Zucker · 04/03/2021 13:13

The Gardaí have been getting on buses and checking people are staying within their 5km. leave it to them. But honest to god she's only 69, let her live ffs.

I have siblings living abroad. A phone call and a bollicking down the phone from them will get her to comply. Should I phone them and tell them what is happening.

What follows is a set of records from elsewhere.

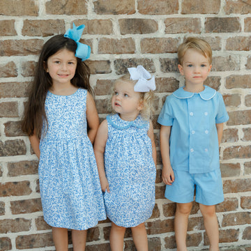 The Summer Blue Dressy Short Set reflects quiet refinement in soft, serene tones. The simple tailoring and pastel hue create a versatile look for spring and summer gatherings. A true classic that balances charm and comfort.
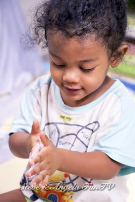 這些訓練需要一點時間,過程中真的會測試父母的耐心,有時候增加一些小道具,會很有幫助,PLAY & FUN 大玩樂 嬰幼兒多用途保濕慕斯/慕絲有綿密的泡泡,讓Tater每次要準備洗手時都會開心地說「bubbles(泡泡)」,看著他願意配合,一邊洗手,一邊玩著泡泡,轉眼之間,40秒的洗手歌就唱完了!
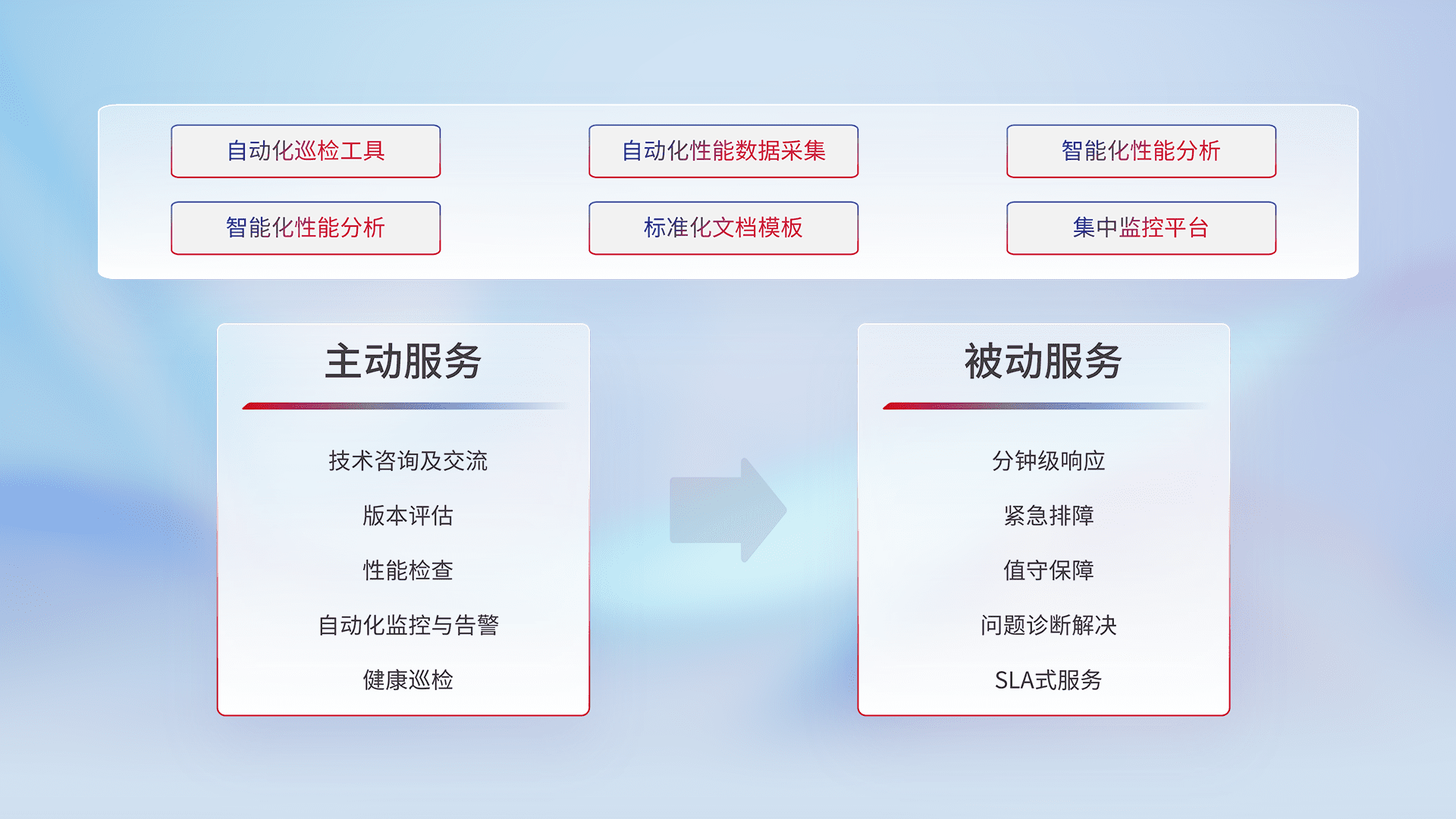 智能化工具和标准化文档,,,保障服务质量,,,提供主动服务(包含技术咨询、、版本评估、、、、性能检查、、自动化监控与告警、、、、健康巡检)和被动服务包含(分钟级响应、、紧急排障、、、、值守保障、、、、问题诊断解决、、SLA服务)。。

No you bloody well shouldn't. If that's something you have done in the past (or how would you know this would work?), you should be ashamed of yourself too.

AvieSo · 04/03/2021 13:15

My siblings are brothers. She only ever respected cock owners in this life.

OP posts:
AvieSo · 04/03/2021 13:27

She would 100% listen to any concerns that her cock owner sons will display.

OP posts:
MrBullinaChinaShop · 04/03/2021 13:29

Confused this thread is just getting weird now. ‘Cock owners’?! Sounds like you just don’t like your mum much to be honest.
Leave her to make her own decisions.

ProfessorInkling · 04/03/2021 13:31

Wtf OP.

AvieSo · 04/03/2021 13:35

It's the absolute truth. She's a narcissistic and she only ever values her sons and any opinions that they will voice and she looks on women as pieces of fucking dirt and scum of the earth.

I'm delighted to hear that the pandemic is over and there's no more to follow.

If she was to contact the virus, she won't isolate to protect others. She will go tto the local shop and post office for her weekly pension and cough germs all over everybody but there's no need for her to isolate any more because the pandemic is clearly made up bullshit.